▶ [SUPPLIED INFORMATION]
○ ○ ○

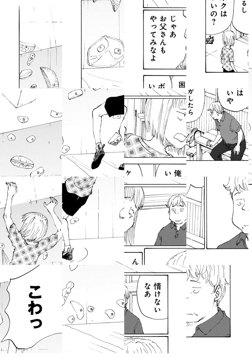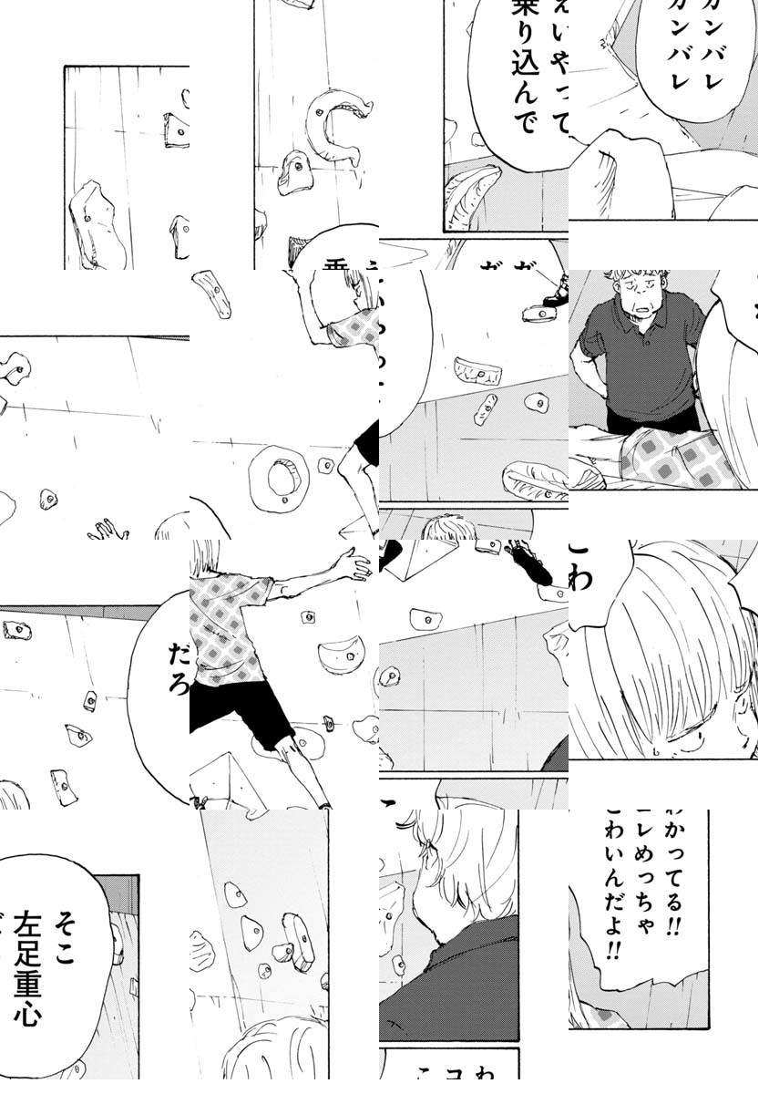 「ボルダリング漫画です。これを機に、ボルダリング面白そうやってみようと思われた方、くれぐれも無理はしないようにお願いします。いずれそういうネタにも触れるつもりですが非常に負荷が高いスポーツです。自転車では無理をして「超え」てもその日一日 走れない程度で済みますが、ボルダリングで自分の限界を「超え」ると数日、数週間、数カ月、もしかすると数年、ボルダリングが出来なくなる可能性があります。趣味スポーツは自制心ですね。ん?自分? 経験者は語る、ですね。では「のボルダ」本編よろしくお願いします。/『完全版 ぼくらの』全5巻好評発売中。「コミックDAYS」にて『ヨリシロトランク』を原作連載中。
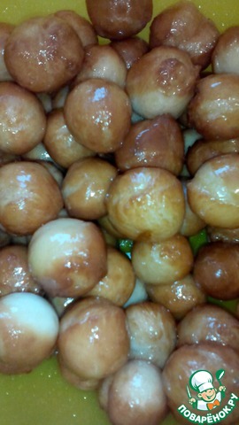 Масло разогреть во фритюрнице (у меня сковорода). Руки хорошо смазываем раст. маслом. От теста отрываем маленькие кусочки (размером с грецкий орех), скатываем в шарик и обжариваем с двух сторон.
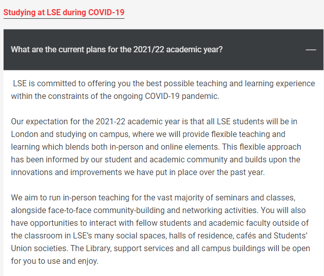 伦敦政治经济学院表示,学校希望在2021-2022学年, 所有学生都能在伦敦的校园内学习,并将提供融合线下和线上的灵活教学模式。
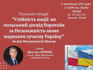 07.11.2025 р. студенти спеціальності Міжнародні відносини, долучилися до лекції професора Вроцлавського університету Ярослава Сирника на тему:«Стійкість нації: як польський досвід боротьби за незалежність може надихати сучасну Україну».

○ ○ ○

Retype each line above precisely, please. Skip anything that is a picture.

 「ボルダリング漫画です。これを機に、ボルダリング面白そうやってみようと思われた方、くれぐれも無理はしないようにお願いします。いずれそういうネタにも触れるつもりですが非常に負荷が高いスポーツです。自転車では無理をして「超え」てもその日一日 走れない程度で済みますが、ボルダリングで自分の限界を「超え」ると数日、数週間、数カ月、もしかすると数年、ボルダリングが出来なくなる可能性があります。趣味スポーツは自制心ですね。ん?自分? 経験者は語る、ですね。では「のボルダ」本編よろしくお願いします。/『完全版 ぼくらの』全5巻好評発売中。「コミックDAYS」にて『ヨリシロトランク』を原作連載中。
 Масло разогреть во фритюрнице (у меня сковорода). Руки хорошо смазываем раст. маслом. От теста отрываем маленькие кусочки (размером с грецкий орех), скатываем в шарик и обжариваем с двух сторон.
 伦敦政治经济学院表示,学校希望在2021-2022学年, 所有学生都能在伦敦的校园内学习,并将提供融合线下和线上的灵活教学模式。
 07.11.2025 р. студенти спеціальності Міжнародні відносини, долучилися до лекції професора Вроцлавського університету Ярослава Сирника на тему:«Стійкість нації: як польський досвід боротьби за незалежність може надихати сучасну Україну».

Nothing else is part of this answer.